Lee Paul H, Burstyn Igor
School of Nursing, PQ433, Hong Kong Polytechnic University, Hung Hom, Kowloon, Hong Kong.
Department of Epidemiology and Biostatistics, Dornsife School of Public Health, Drexel University, Philadelphia, USA.
BMC Med Res Methodol. 2016 May 18;16:54. doi: 10.1186/s12874-016-0159-6.
Common methods for confounder identification such as directed acyclic graphs (DAGs), hypothesis testing, or a 10 % change-in-estimate (CIE) criterion for estimated associations may not be applicable due to (a) insufficient knowledge to draw a DAG and (b) when adjustment for a true confounder produces less than 10 % change in observed estimate (e.g. in presence of measurement error).
We compare previously proposed simulation-based approach for confounder identification that can be tailored to each specific study and contrast it with commonly applied methods (significance criteria with cutoff levels of p-values of 0.05 or 0.20, and CIE criterion with a cutoff of 10 %), as well as newly proposed two-stage procedure aimed at reduction of false positives (specifically, risk factors that are not confounders). The new procedure first evaluates potential for confounding by examination of correlation of covariates and applies simulated CIE criteria only if there is evidence of correlation, while rejecting a covariate as confounder otherwise. These approaches are compared in simulations studies with binary, continuous, and survival outcomes. We illustrate the application of our proposed confounder identification strategy in examining the association of exposure to mercury in relation to depression in the presence of suspected confounding by fish intake using the National Health and Nutrition Examination Survey (NHANES) 2009-2010 data.
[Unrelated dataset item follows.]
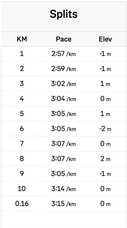 Which worked well for the first few km’s. I was on pace and feeling ok but also knew I was working pretty hard and focusing on my watch a fair bit to make sure I was on pace. That takes a lot of mental energy and in hindsight, I think that’s what makes it hard to run a PB by yourself. You want to get the first few km’s at least, if not the first half, for ‘free’ in a race you’re hoping to run a PB by just sitting behind someone and let them control the pace. Or by just racing the race and forgetting about the time. I didn’t have that luxury though, I just had some music in my headphones to try and keep myself motivated.

Our simulations showed that the simulation-determined cutoff was very sensitive to measurement error in exposure and potential confounder. The analysis of NHANES data demonstrated that if the noise-to-signal ratio (error variance in confounder/variance of confounder) is at or below 0.5, roughly 80 % of the simulated analyses adjusting for fish consumption would correctly result in a null association of mercury and depression, and only an extremely poorly measured confounder is not useful to adjust for in this setting.
No a prior criterion developed for a specific application is guaranteed to be suitable for confounder identification in general. The customization of model-building strategies and study designs through simulations that consider the likely imperfections in the data, as well as finite-sample behavior, would constitute an important improvement on some of the currently prevailing practices in confounder identification and evaluation.
用于识别混杂因素的常见方法,如定向无环图(DAGs)、假设检验或估计关联的10%估计值变化(CIE)标准,可能并不适用,原因如下:(a)绘制DAGs的知识不足;(b)对真正的混杂因素进行调整时,观察到的估计值变化小于10%(例如存在测量误差时)。
我们比较了先前提出的基于模拟的混杂因素识别方法,该方法可针对每项具体研究进行调整,并将其与常用方法(p值截止水平为0.05或0.20的显著性标准,以及截止值为10%的CIE标准),以及新提出的旨在减少假阳性(具体而言,即不是混杂因素的危险因素)的两阶段程序进行对比。新程序首先通过检查协变量的相关性来评估混杂可能性,只有在存在相关性证据时才应用模拟的CIE标准,否则将某个协变量排除在混杂因素之外。在具有二元、连续和生存结局的模拟研究中对这些方法进行比较。我们使用2009 - 2010年国家健康与营养检查调查(NHANES)数据,说明了我们提出的混杂因素识别策略在检查汞暴露与抑郁症关联时的应用,此时存在鱼类摄入作为疑似混杂因素的情况。
我们的模拟表明,模拟确定的截止值对暴露和潜在混杂因素中的测量误差非常敏感。NHANES数据分析表明,如果噪声与信号比(混杂因素中的误差方差/混杂因素的方差)等于或低于0.5,大约80%针对鱼类消费进行调整的模拟分析将正确得出汞与抑郁症无关联的结果,并且在这种情况下,只有测量极差的混杂因素调整起来才没有用。
针对特定应用制定的先验标准不能保证普遍适用于混杂因素识别。通过考虑数据中可能存在的缺陷以及有限样本行为的模拟来定制模型构建策略和研究设计,将对目前混杂因素识别和评估中的一些普遍做法构成重要改进。